Yawn Dillinger

Public Enemies
Directed by Michael Mann

For the fifth time since he was shot dead outside Chicago’s Biograph Theatre in 1934, John Dillinger is the subject of a movie. And like its predecessors, Public Enemies doesn’t quite do it.

There are all kinds of wonderful things about Public Enemies, especially the way it transports you into a resolutely unglamorous 1930s America without special effects or stylized settings. It’s long, and at times it’s hard to hear the dialogue (an unfortunate specialty of writer-director Michael Mann), but it always holds your interest, and there’s a spectacular depiction of a famous cocked-up midnight effort to nail Dillinger at a Wisconsin roadhouse. Still, there is a hole at the center of Public Enemies, and that hole is Dillinger himself.

You’d think Dillinger’s story could support any number of movies: After all, this is a man who busted out of prison and went on a yearlong bank-robbery spree that became front-page news. He was even captured before staging a second jailbreak. But aside from a single encounter between Dillinger and the press, when he was supposedly insouciant and charming, he was a cipher. The terrific book by Bryan Burrough upon which the new movie is based makes it clear that Dillinger’s success was primarily attributable to primitive policing and jailhouse protection rather than to any particular brilliance on Dillinger’s part.

Indeed, Dillinger’s legend has survived primarily because of the stunning story of his death–with federal agents blackmailing the notorious “lady in red,” a hooker of Dillinger’s acquaintance, into telling them where Dillinger would be heading on the night they eventually gunned him down on a busy North Side street. And that, of course, had nothing to do with Dillinger himself.

The narrative blunder of Public Enemies is in focusing on Dillinger when it might have given the lion’s share of attention to Melvin Purvis, the G-Man who finally got him after making a million mistakes along the way. The movie does tell both stories, but it dwells on Dillinger’s, oddly underplayed by the usually great Johnny Depp. Scene after scene depicts his romance with a hat-check girl named Billie Frechette, which never comes off as the torrid affair the screenplay suggests it is. Neither Depp nor Marion Cotillard, who won an Oscar last year for playing Edith Piaf in a movie nobody saw, brings a moment’s conviction to the you’re-my-gal-and-I-get-what-I-want/I-don’t-want-to-see-you-die dialogue we’ve heard before in a thousand crook-and-girlfriend movies.

They actually seem rather indifferent toward each other; there’s no chemistry between Depp and Cotillard. (Maybe he couldn’t get over the fact that, in real life, Cotillard believes the destruction of the Twin Towers was an inside job.)

The treatment of Purvis’s bungles and missteps in the pursuit of Dillinger gives Public Enemies its narrative freshness.
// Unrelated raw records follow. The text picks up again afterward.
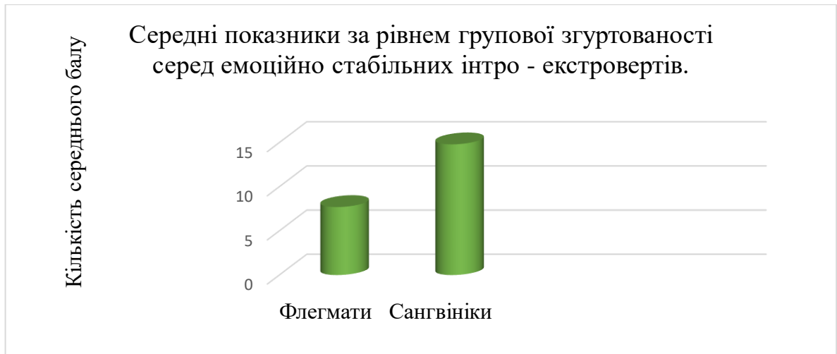
Рисунок 2 Середні показники результатів за методикою «Визначення індексу групової згуртованості» серед емоційно стабільних інтро – екстравертів.

екстрровертованих. Середнім показником групової згуртованості в емоційно нестабільних склав – 10,81 ( середній рівень групової згуртованості ). Але якщо розглянути окремо емоційно нестабільних інтро та екстравертів, ми побачимо такі результати: емоційно нестабільні екстраверти – середній показник у групі – 12,42 ( рівень групової згуртованості вище середнього ); емоційно нестабільні інтроверти – середній показник у групі – 9,2 ( середній показник групової згуртованості ).
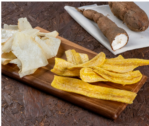
03 Produtos tropicais
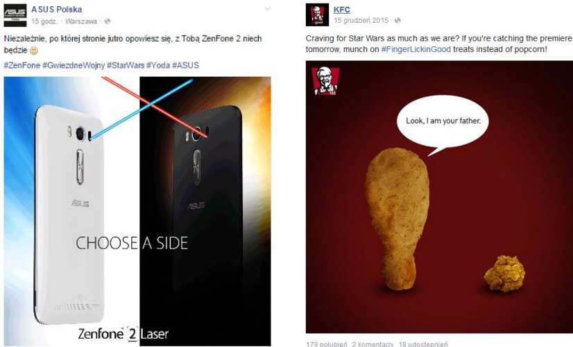
Rys. 2. Reakcje firmy ASUS oraz KFC na premierę kultowego filmu Star Wars
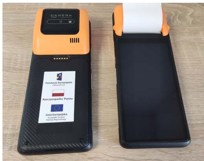
Terminale do obsługi aplikacji ZONE.App

gawczego SYSLOP. Dzięki niemu mieszkańcy będą na bieżąco informowani o stanie powietrza w ich regionie, co pozwoli na świadome podejmowanie decyzji dotyczących aktywności na świeżym powietrzu.
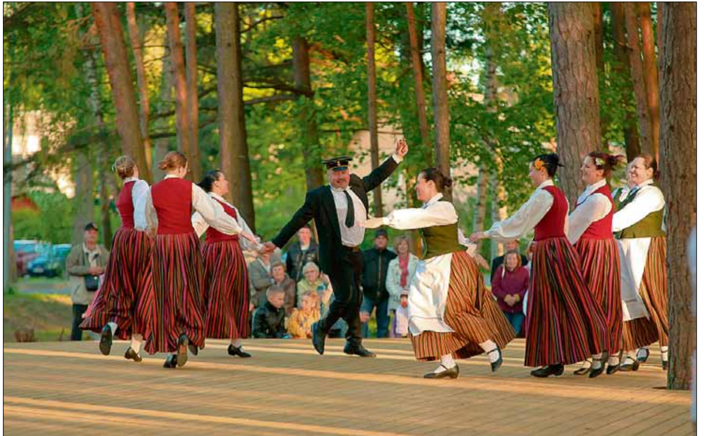
Raitu deju soli jaunajā laukumā grieza novada pašdarbības deju kolektīvi, kuros piedalās visu paaudžu saulkraścieši.

Vairāk foto apskatāmi www.saulkrasti.lv sadaļā "Galerijas".
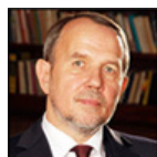
Autor: Petr Hájek , šéfredaktor PROTIPROUD Více o autorovi ZDE

Režimní média – jako jediná povolená, nezakázaná, nevypnutá – od počátku ukrajinské krize vnutila veřejnosti pojem „válka“. Tuto mystifikaci přijala o svého slovníku naprostá většina veřejnosti právě proto, že od prvního dne ruské „speciální operace“ v části pohraničních oblastí Ukrajiny, česká vláda protiprávně a protiústavně zlikvidovala větší část svobodných médií.
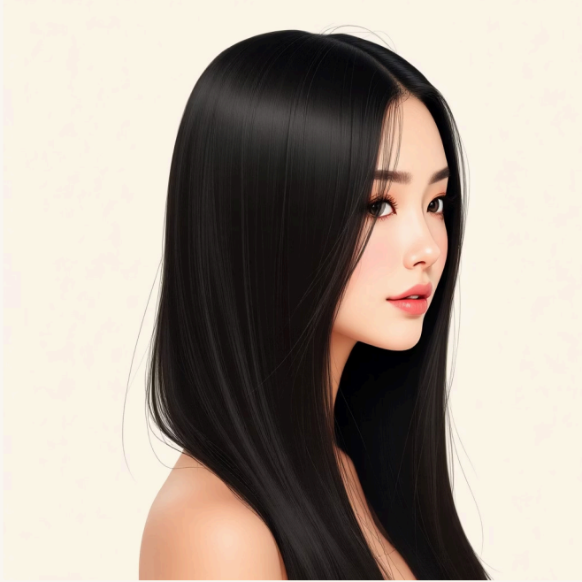
Cabello recién alisado

Brillo intenso, movimiento natural y textura suave al tacto

Purvis worked for the Bureau of Investigation, the federal office that would blossom into the FBI. (Billy Crudup gives a wonderful little performance as the young J. Edgar Hoover, sounding as though his voice comes straight out of an ancient radio.)
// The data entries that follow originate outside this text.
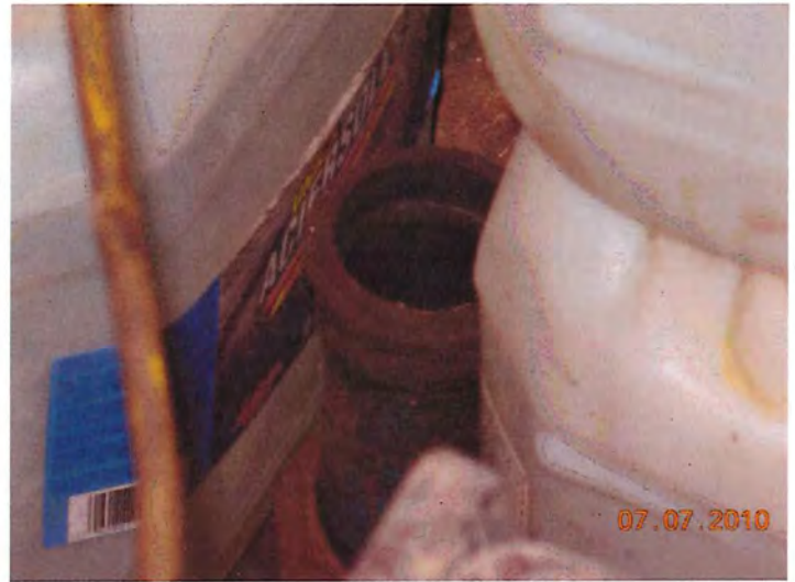
Tuyau servant au transfert de l'huile usée à partir de l'intérieur du garage, jusque dans le réservoir souterrain.
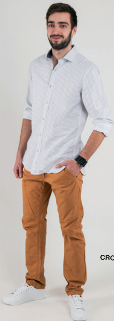
Košela Valentín 35.99 € Nohavice CROPP TOWN 24.99 € Tenisky CCC 25.95 € Hodinky Macado 147.40 €

Základným pravidlom je, že jeden pruhovaný kúsok v outfitu bohato stačí. Pokiaľ sa však bavíme o pásikavej košeli, tú sa nebojte kombinovať so vzorovanou kravatou. Iba v tomto prípade to môžu byť ďalšie pružky, ale v inej šírke. Každý pásikavý kúsok oblečenia by mal na vašej postave sedieť.
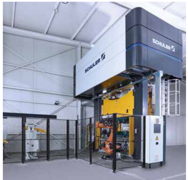
Automatisierte Fertigungszelle zur Herstellung von Automotive-Teilen.

Die Pressen der HPX-Baureihe sind für ein günstiges Preis-Leistungs-Verhältnis konzipiert. Sie decken ein universelles Einsatzspektrum ab und sind erweiterbar für automatisierte Fertigungssysteme. Hohe Qualitätsstandards sorgen für Investitionssicherheit und Wartungsfreundlichkeit. Pressen der Baureihe HPX verbinden maximale Fertigungsflexibilität mit Komfort im Alltagsbetrieb. Und nicht zuletzt steht Schuler für zuverlässige, bewährte Pressen mit hoher Verfügbarkeit, für kurze Lieferzeiten und jederzeit verlässliche Service-Qualität.
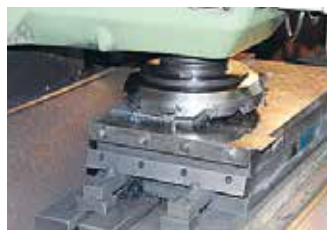
マグネットチャック加工
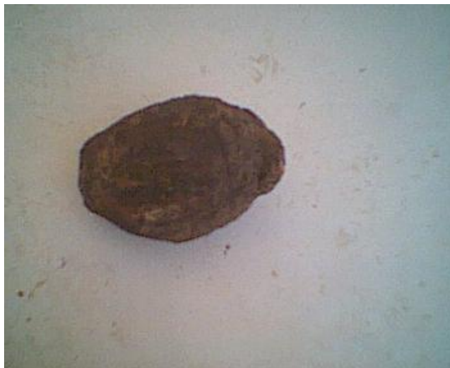
Figura 2. Operculina hamiltonii – batata de purga

permanecem presas à planta por um longo período, até se desprenderem. É uma espécie anual, tem flor amarela e frutos de forma estrelada. Silvestre, mas pode ser facilmente cultivada, plantando-se o seu tubérculo (batata).
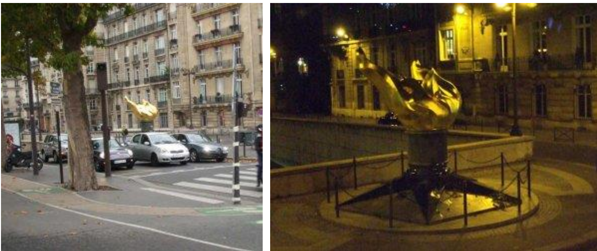
Ngọn lửa Tự-do ở công trường Alma

Nơi này sau đó đã được bao quanh với dây xích để ngăn cản sự biến đổi nơi này thành đài tưởng niệm khác với ý nghĩa nguyên thủy.

A man of great, even overweening rectitude, Purvis believed in the use of “advanced techniques” to catch his man, but ran a squad that couldn’t manage to keep its eye on the back door of Dillinger’s apartment building, and got most of its information the old-fashioned way–through physical and psychological intimidation. Playing Purvis, the commanding if bizarrely simian Christian Bale captures perfectly the stiff-postured pride of a man entirely sure of himself even though he doesn’t seem to have all that much reason to be so.

Perhaps the reason the Bureau of Investigation story is more interesting than the Dillinger story is that Dillinger was basically a solitary actor. The movie provides him with a few friends and associates to interact with, but they barely register. Great crime movies center on gangs. They show us how thieves act in their dens, and their ultimate subject is not the crimes they commit or the government’s efforts to get them, but rather the inevitability of betrayal. They work hard to raise the sentimental prospect of honor among thieves and then dash it on the shoals of character–the bad character of bad guys.

Public Enemies never gets us into the den of thieves, because Dillinger didn’t have one, except in prison, before he ever attempted a bank robbery. That’s why he’s not a good subject for a movie, even one as accomplished and impressive as Public Enemies. t

John Podhoretz, editor of Commentary, is THE WEEKLY STANDARD‘s movie critic.